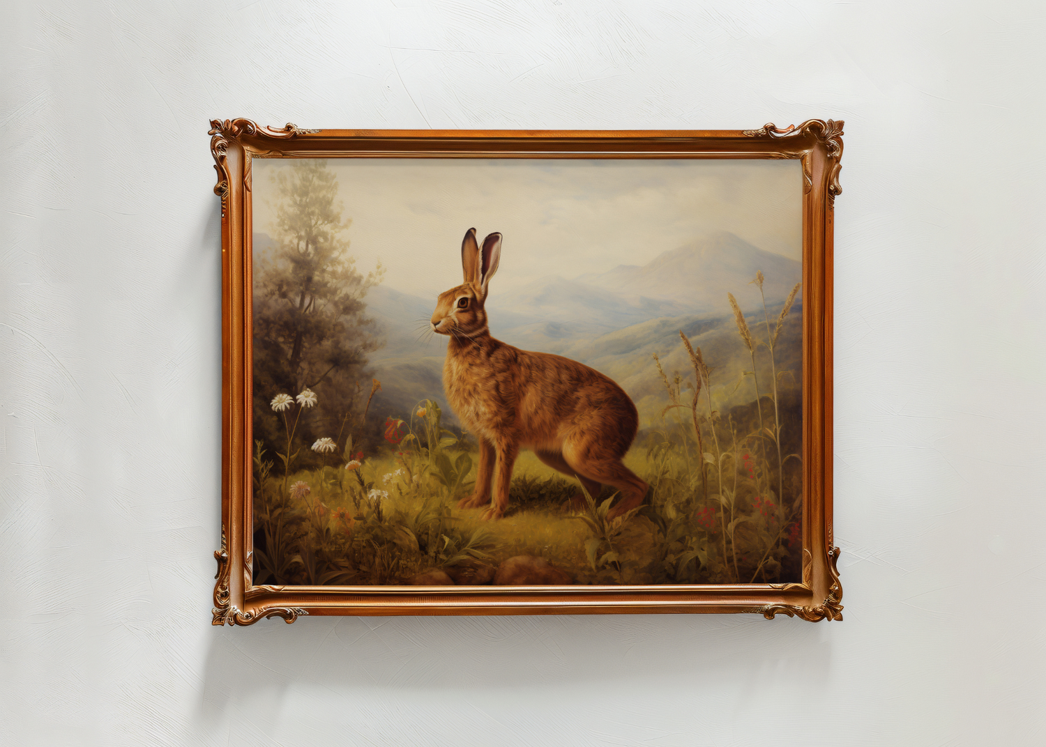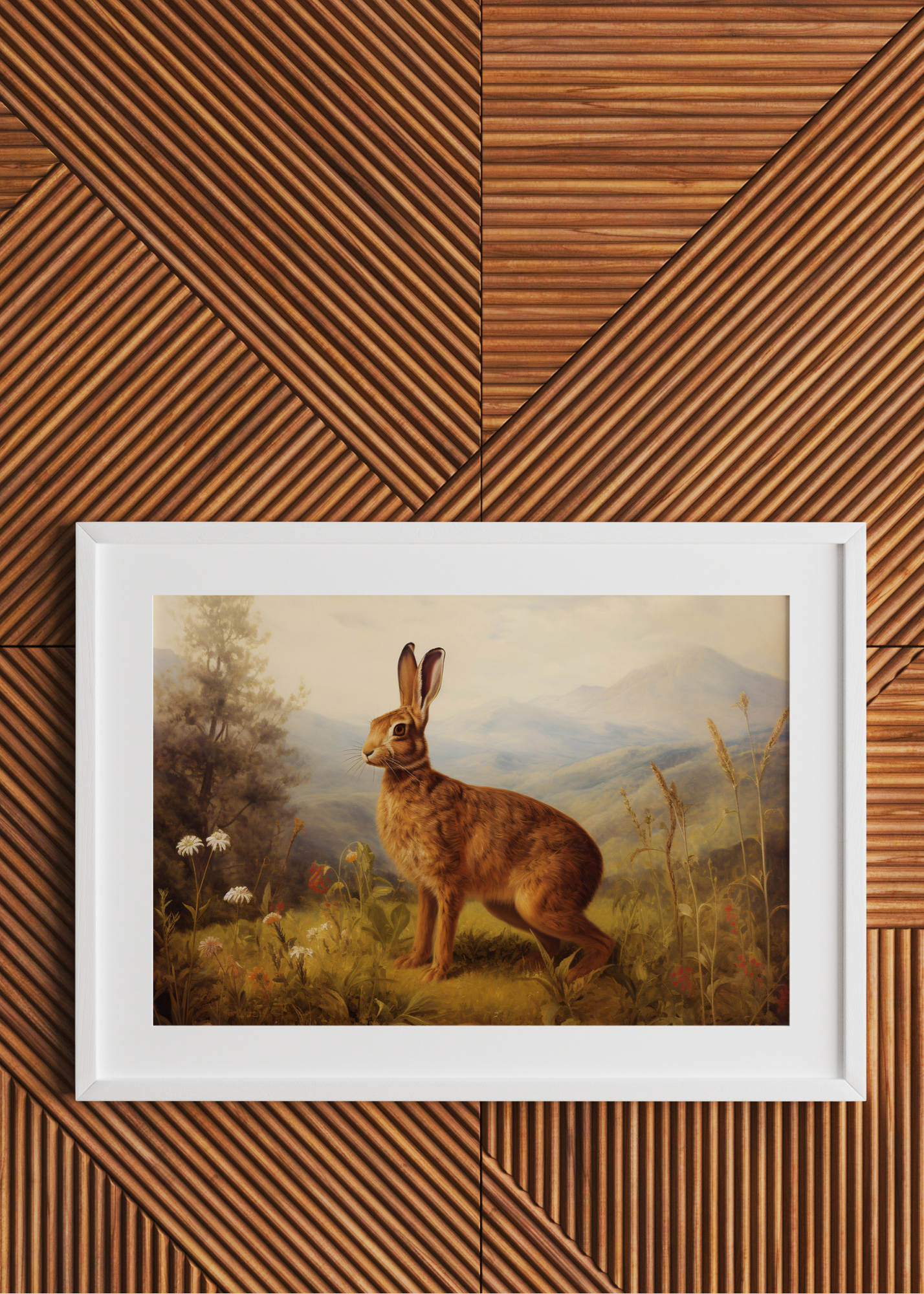 Mountain Meadow Magic— A hare stands against a backdrop of rolling blue hills, wildflowers in bloom at its feet. There’s a gentle strength in its stance, a readiness to leap or simply stay and savor. The sky is kissed with soft clouds, while tall grasses frame the scene with movement and grace. This piece is full of wanderlust and wonder, perfect for sparking stories and grounding hearts.
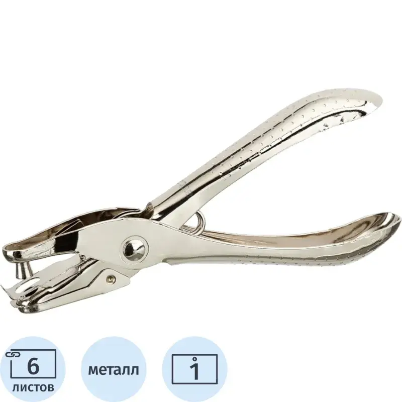 Дырокол Attache на 1 отверстие, на 6 листов, металлический
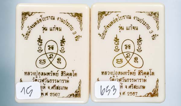 งานหล่อ ประกบ3 ชิ้น ข้างในมีผงงาช้างบด มวลสาร เขย่าดูมีมวลสาร สวยๆ หลวงปู่มหาศิลาร่วมเศก แบ่งเบาๆ ออฟชั่นเนื้อจะมีหลายๆ เนื้อหรือลงยาร่วมด้วย
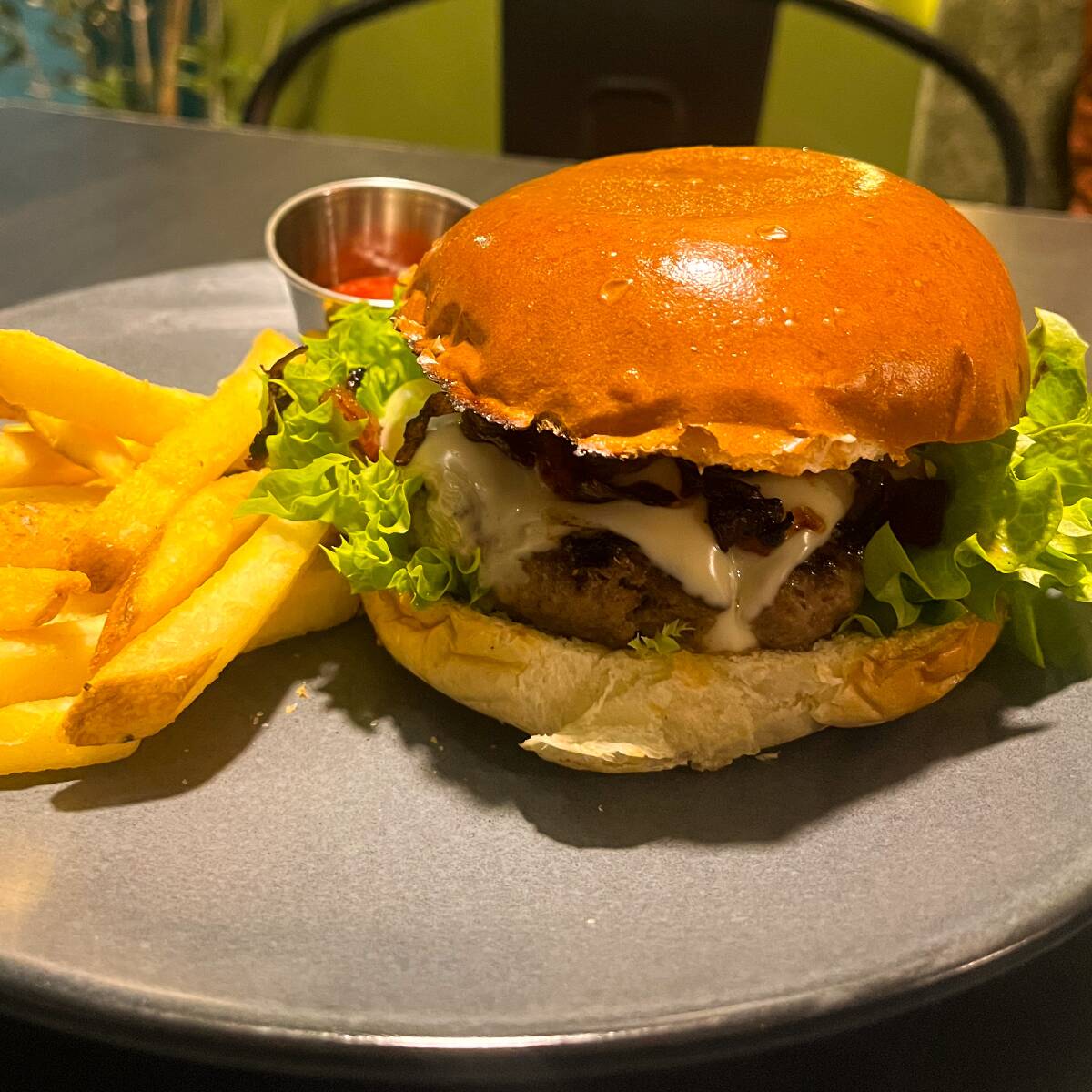 Pan brioche, carne de res, queso suizo, mermelada de tocino y lechuga. Con papas a la francesa.
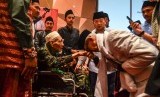 Tokoh Nahdlatul Ulama (NU) KH Maimun Zubair (duduk di kursi roda) menghadiri acara Deklarasi Kyai Kampung menangkan Jokowi-Maruf Amin Tanpa Hoaks di Tasikmalaya Senin (18/2/2019) malam. (FOTO : Antara/Adeng Bustomi)
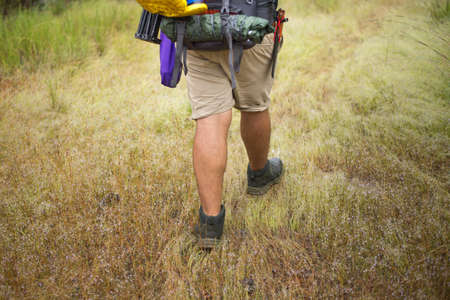 Hiker walks through a small meadow in a tropical forest, Strong legs.
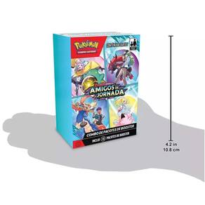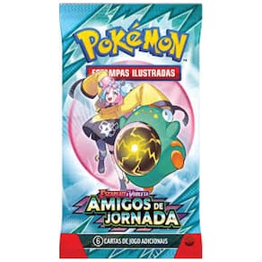 Pokémon de Treinadores vão com tudo para a batalha!Com profunda confiança e constante orientação, os Treinadores ajudam a trazer à tona o melhor de seus Pokémon. O vínculo que eles compartilham os empoderam para agirem como um só em batalha, elevando suas forças ao limite, inclusive como Pokémon ex! Monte sua equipe com Zoroark ex do N, Bellibolt ex da Kissera, Clefairy ex da Lílian, Zacian ex do Lupo e mais Pokémon de Treinadores, e descubra o implacável poder da amizade na expansão Escarlate e Violeta - Amigos de Jornada do Pokémon Estampas Ilustradas! A expansão Escarlate e Violeta - Amigos de Jornada do Pokémon Estampas Ilustradas contém mais de 180 Cartas. Cada pacote de booster do Pokémon Estampas Ilustradas contém 6 cartas.Cada jogador deve ter um baralho com 60 cartas de Pokémon para jogar.Mini Display de pacotes de booster de Escarlate e Violeta - Amigos de Jornada do Pokémon Estampas Ilustradas. Contém 18 (dezoito) pacotes de booster Escarlate e Violeta - Amigos de Jornadas do Pokémon Estampas Ilustradas totalizando 108 cartas. Jogue Online! Você pode resgatar cartas codificadas no Pokémon Estampas Ilustradas Live para receber recompensas digitais.
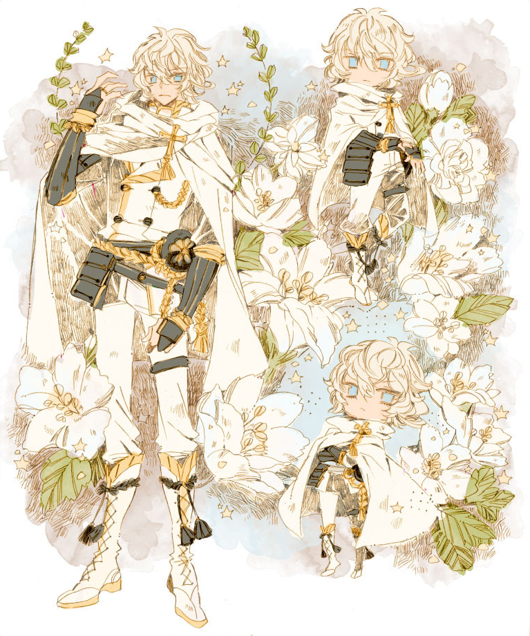 Lucien has a tall and strong build and stands at 6' foot 1 inch. He has platinum blond hair with gentle waves. His eyes are pale blue. He is almost always on-call so he typically wears his knight uniform, a white suit with gold embellishments.Off duty, he usually wears a comfortable white dress shirt and black pants.
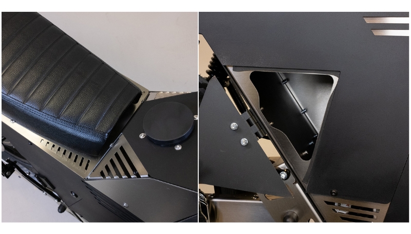 The Wildfire stands out with its unique stainless steel frame, marking it as the first electric motorcycle to incorporate sheet metal technology. This strong and durable frame maximizes space for essential components like batteries and control devices. Utilizing ultra-hard stainless steel and aluminum, the Wildfire’s skeleton is designed to resist dents, damage, and corrosion, ensuring longevity and durability. Each part is meticulously crafted and assembled in Germany by the skilled team at Black Tea Motorbikes, using robust rivets typically found in aircraft construction.
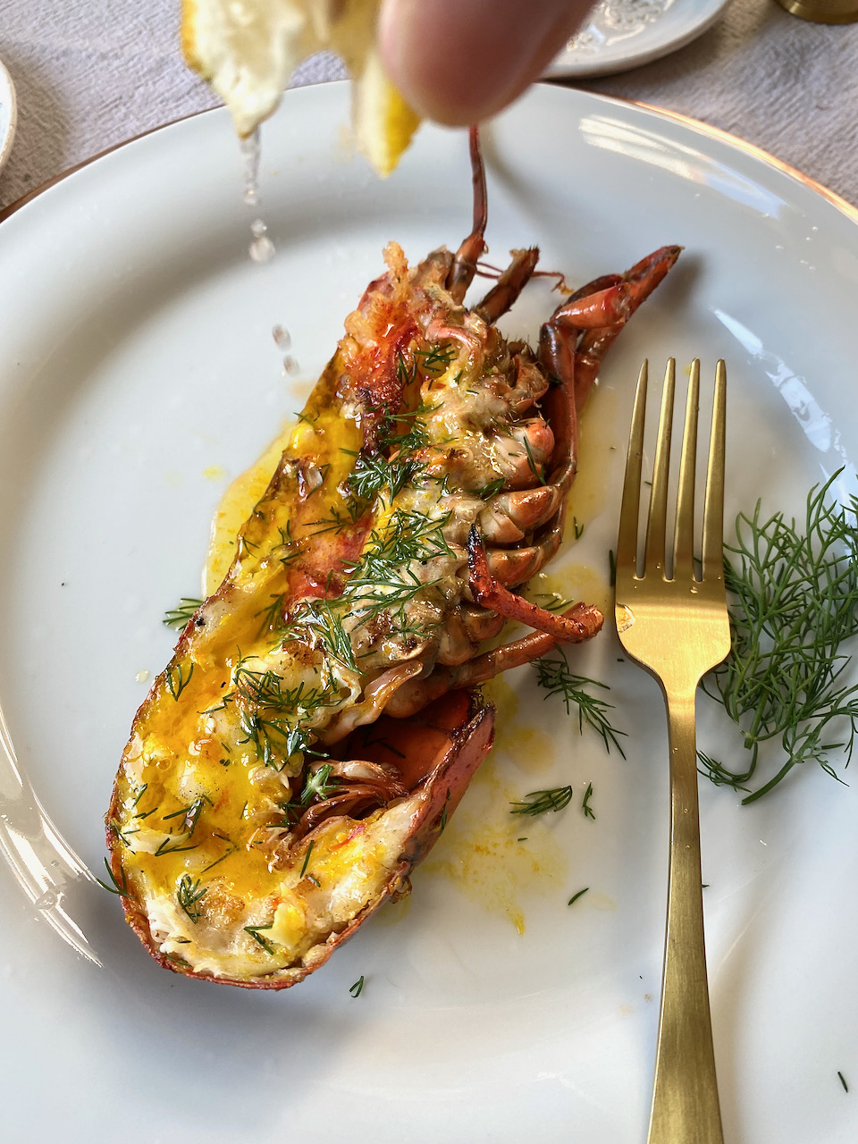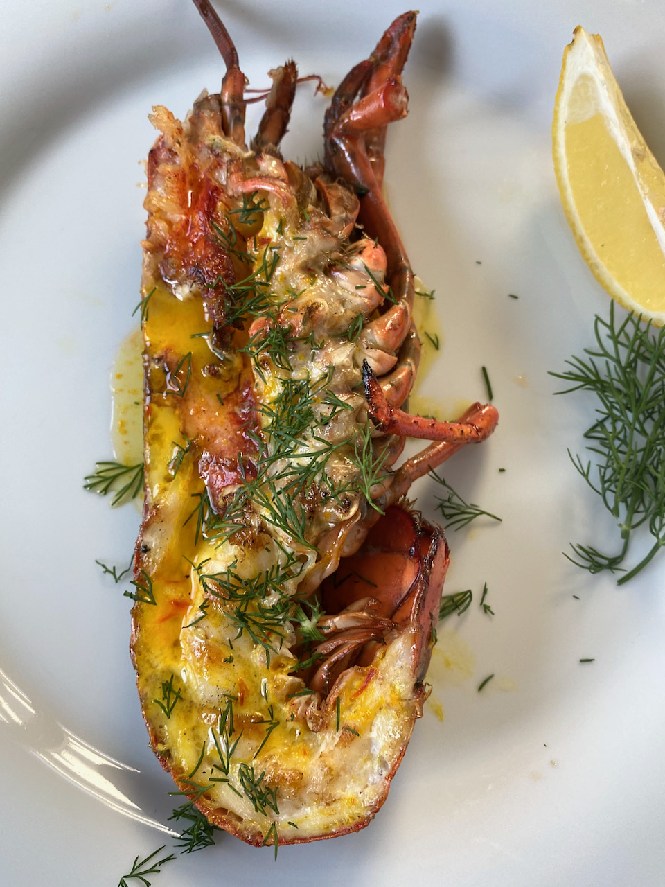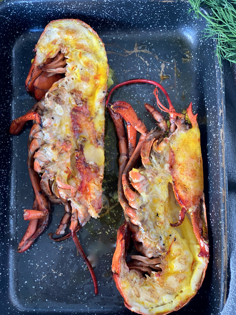 Drizzle lobster halves with remaining saffron butter and sprinkle with chopped dill. If you desire, you can enjoy them with a little lemon juice.
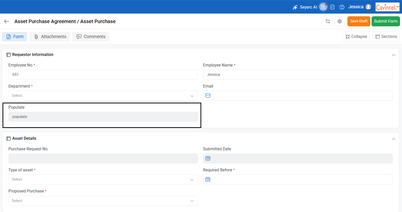- Create a new field in the form (Eg,.Populate) and provide a default value for it(Eg:populate).

- _Aim of the exercise_:
The records above are to be set down exactly as written, with no images.

- _Result for this task_:
 Mountain Meadow Magic— A hare stands against a backdrop of rolling blue hills, wildflowers in bloom at its feet. There’s a gentle strength in its stance, a readiness to leap or simply stay and savor. The sky is kissed with soft clouds, while tall grasses frame the scene with movement and grace. This piece is full of wanderlust and wonder, perfect for sparking stories and grounding hearts.
 Дырокол Attache на 1 отверстие, на 6 листов, металлический
 งานหล่อ ประกบ3 ชิ้น ข้างในมีผงงาช้างบด มวลสาร เขย่าดูมีมวลสาร สวยๆ หลวงปู่มหาศิลาร่วมเศก แบ่งเบาๆ ออฟชั่นเนื้อจะมีหลายๆ เนื้อหรือลงยาร่วมด้วย
 Pan brioche, carne de res, queso suizo, mermelada de tocino y lechuga. Con papas a la francesa.
 Tokoh Nahdlatul Ulama (NU) KH Maimun Zubair (duduk di kursi roda) menghadiri acara Deklarasi Kyai Kampung menangkan Jokowi-Maruf Amin Tanpa Hoaks di Tasikmalaya Senin (18/2/2019) malam. (FOTO : Antara/Adeng Bustomi)
 Hiker walks through a small meadow in a tropical forest, Strong legs.
 Pokémon de Treinadores vão com tudo para a batalha!Com profunda confiança e constante orientação, os Treinadores ajudam a trazer à tona o melhor de seus Pokémon. O vínculo que eles compartilham os empoderam para agirem como um só em batalha, elevando suas forças ao limite, inclusive como Pokémon ex! Monte sua equipe com Zoroark ex do N, Bellibolt ex da Kissera, Clefairy ex da Lílian, Zacian ex do Lupo e mais Pokémon de Treinadores, e descubra o implacável poder da amizade na expansão Escarlate e Violeta - Amigos de Jornada do Pokémon Estampas Ilustradas! A expansão Escarlate e Violeta - Amigos de Jornada do Pokémon Estampas Ilustradas contém mais de 180 Cartas. Cada pacote de booster do Pokémon Estampas Ilustradas contém 6 cartas.Cada jogador deve ter um baralho com 60 cartas de Pokémon para jogar.Mini Display de pacotes de booster de Escarlate e Violeta - Amigos de Jornada do Pokémon Estampas Ilustradas. Contém 18 (dezoito) pacotes de booster Escarlate e Violeta - Amigos de Jornadas do Pokémon Estampas Ilustradas totalizando 108 cartas. Jogue Online! Você pode resgatar cartas codificadas no Pokémon Estampas Ilustradas Live para receber recompensas digitais.
 Lucien has a tall and strong build and stands at 6' foot 1 inch. He has platinum blond hair with gentle waves. His eyes are pale blue. He is almost always on-call so he typically wears his knight uniform, a white suit with gold embellishments.Off duty, he usually wears a comfortable white dress shirt and black pants.
 The Wildfire stands out with its unique stainless steel frame, marking it as the first electric motorcycle to incorporate sheet metal technology. This strong and durable frame maximizes space for essential components like batteries and control devices. Utilizing ultra-hard stainless steel and aluminum, the Wildfire’s skeleton is designed to resist dents, damage, and corrosion, ensuring longevity and durability. Each part is meticulously crafted and assembled in Germany by the skilled team at Black Tea Motorbikes, using robust rivets typically found in aircraft construction.
 Drizzle lobster halves with remaining saffron butter and sprinkle with chopped dill. If you desire, you can enjoy them with a little lemon juice.
- Create a new field in the form (Eg,.Populate) and provide a default value for it(Eg:populate).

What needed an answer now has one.